Does this analyst make a good case? Or is it just more noise from Wall Street?

Brian D. Pacampara, CFA
Brian D. Pacampara, CFA
Jul 11, 2014 at 10:43AM
Consumer Goods

While Fools should generally take the opinion of Wall Street with a grain of salt, it's not a bad idea to take a closer look at particularly stock-shaking upgrades and downgrades -- just in case their reasoning behind the call makes sense.

What: Shares of Brinker International (NYSE:EAT) fell 2% this morning after Wunderlich Securities downgraded the restaurant operator from buy to hold.

So what: Along with the downgrade, analyst Robert Derrington lowered his price target to $52 (from $56), representing just 9% worth of upside to yesterday's close. So while contrarian traders might be attracted to Brinker's price weakness in recent months, Derrington's call could reflect a sense on Wall Street that industry headwinds are just too strong to trigger a significant rebound.
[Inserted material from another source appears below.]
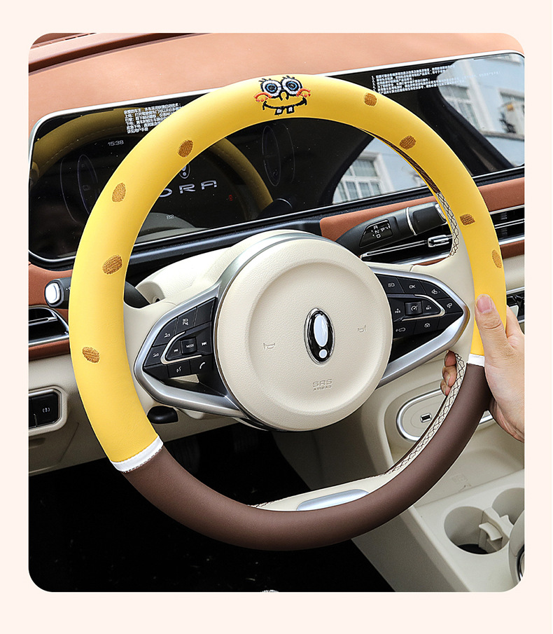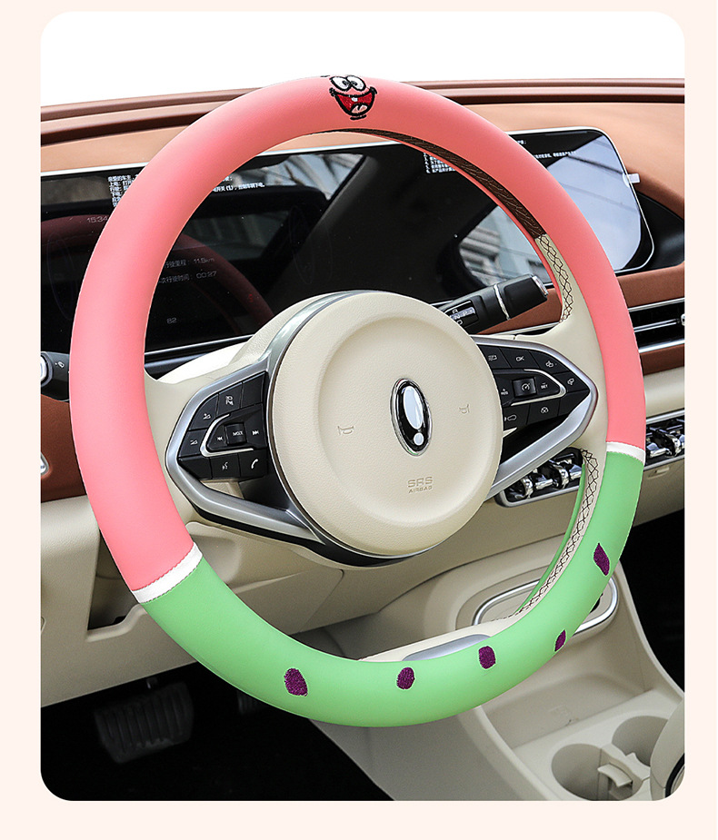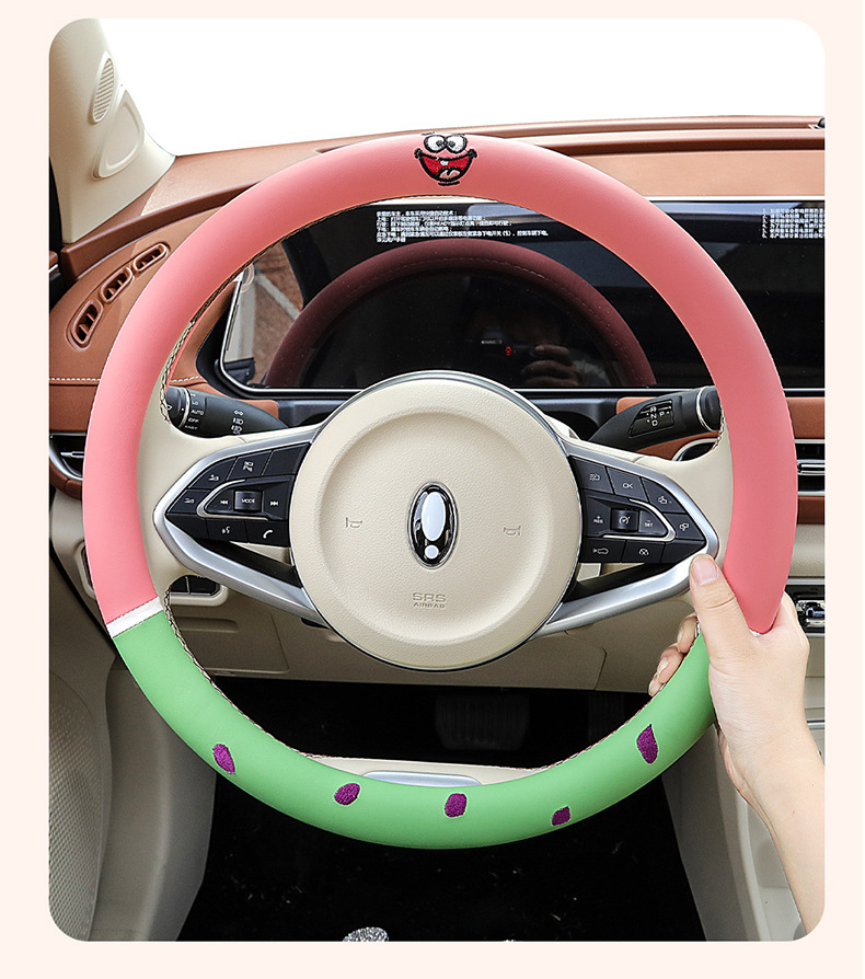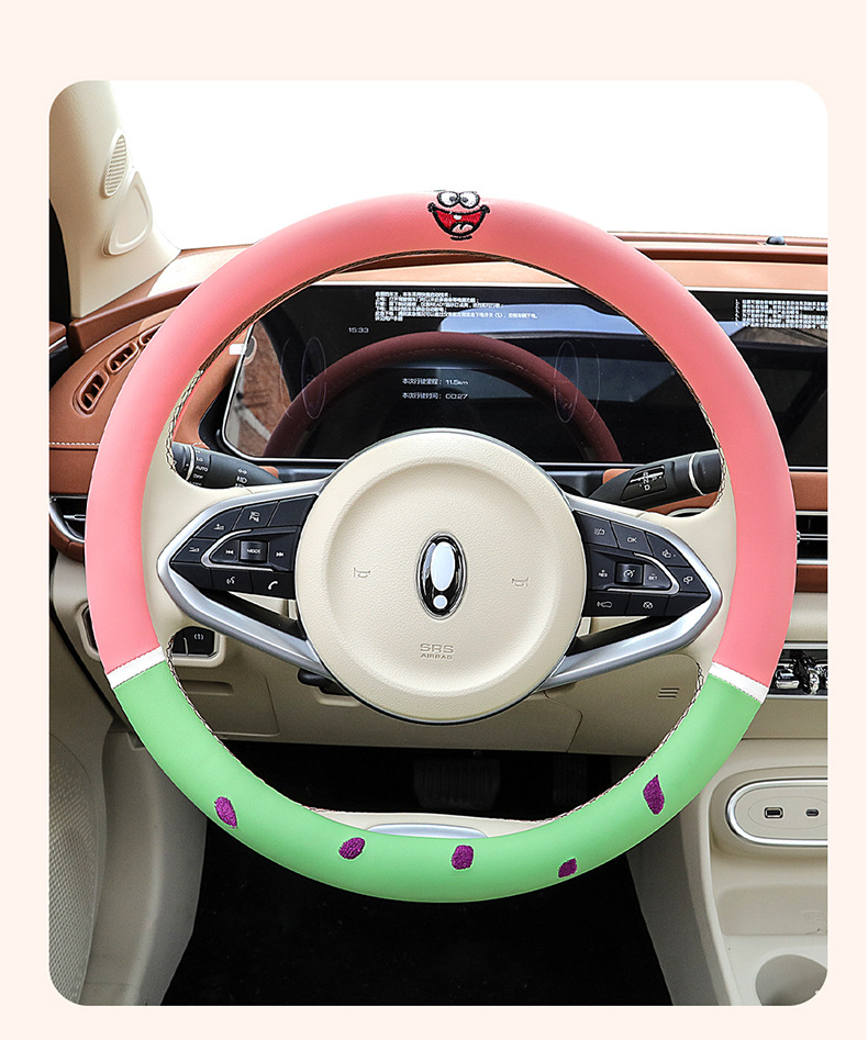 자동차 귀여운 만화 여름 스티어링 휠 커버 여성 남성 가죽 자동차 유니버설 비 슬립 통기성 핸들 커버 사계절

Now what: According to Wunderlich, Brinker's risk/reward trade-off isn't too appealing at this point. "While we believe management has distinguished its business model as one of the more efficient within the industry, weak consumer spending and intensifying competition from struggling national competitors adds the risk of siphoning sales from Brinker's more healthy brands, and adding to creeping pressure from commodities and wage rates," said Derrington. "We have lowered our blended-SSS for Q4F14 (Jun) to 1.3% from 1.9% and EPS to $0.87 from $0.89; trimmed our FY15 SSS to 1.3% from 1.5%, and EPS to $3.12 from $3.20." When you couple that downbeat view with Brinker's still-hefty debt load and near-20 P/E, it's tough to disagree with Wunderlich's cautious stance.